Imagine a world without waste…well you don’t need to imagine too hard, as Joost Bakker is showing us all how it is done with his new permanent project.

This permanent cafe follows the success of The Greenhouse by Joost created for Melbourne Food and Wine Festival. A pop up restaurant that showed the public that nothing is unachievable even a restaurant that is completely waste free. The pop up restaurant was made up of Straw walls, a garden that was completely edible, flax fibre menus and toilets with no water, proved this to be an extreme but successful demonstration of sustainability. Visitors and staff found it “fantastically relaxing and exciting environment” and brought what some people don’t even imagine is possible into reality.

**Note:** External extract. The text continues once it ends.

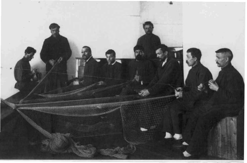 Директором Томской лечебницы был назначен Николай Николаевич Топорков, руководивший до 1907 года Виленской окружной больницей. Несмотря на то, что профессор Н.Н. Топорков обладал опытом управления крупным учреждением, многие проблемы ему пришлось решать буквально «с нуля» (рис. 7). Томская лечебница обслуживала огромную по площади территорию, многие больные проделывали долгий путь и попадали в нее крайне истощенными — они нуждались не только в психиатрической помощи, но и в общесоматическом лечении. Неудивительно, что летальность пациентов в первый год работы больницы была довольно высокой — 13,5%. Вторую проблему представлял собой наплыв криминальных больных. Н.Н. Топорков и другие врачи лечебницы развернули широкую трудовую терапию: были открыты сапожная, портняжная, переплетная, корзиночная, ткацкая, гончарная, веревочная мастерские (рис. 8). На площади больше 400 гектаров выращивали сельскохозяйственные культуры, содержали домашних животных. В подсобном хозяйстве были даже конюшни для разведения племенных лошадей. Интересный факт: в 1910 году лечебница принимала участие в губернской выставке садоводства и огородничества, и ее продукция получила бронзовую медаль4. Трудотерапия не только оказывала положительное влияние на состояние душевнобольных, но и открывала перспективу для пациентов — с освоением нового ремесла у них появлялся шанс лучше адаптироваться в обществе. Довольно широко в лечебнице практиковалось обучение грамоте. Также Н.Н. Топорков уделял внимание организации досуга: для пациентов устраивались праздники и танцы, причем в духовом и балалаечном оркестрах на этих мероприятиях играли служащие больницы (рис. 9). Несмотря на сложности, Томская окружная лечебница уже в первые годы своей работы могла гордиться результатами. Так, в 1909 году она представила свой альбом и схемы на III Съезде психиатров, в 1911 году приняла участие в Международной гигиенической выставке в Дрездене, а в 1913 году показала свои достижения на Всероссийской гигиенической выставке в Петербурге, где была награждена малой золотой медалью.

Joost’s new venture, Silo, is here to stay and looks set to be something of a visionary model for what an ethical, service-driven cafe might look like. The shop has deliberately altered the typical boundaries seen in a usual cafe as the dining and kitchen space merge into one. This not only fosters a natural human connection but also works to demystify the practices behind low-waste, sustainable food preparation. As you sit on the recycled communal table you can watch bread being baked and yoghurt and butter being made from scratch.

Joost’s cafe shows us all how sustainability is possible and it can also be fresh and sexy. It is all about creativity with an important message at its heart.

Silo comments “We’ll just do what we do, and if people like it then we hope they’ll be inspired by it”. I’d certainly like to see more of these coming to our area soon.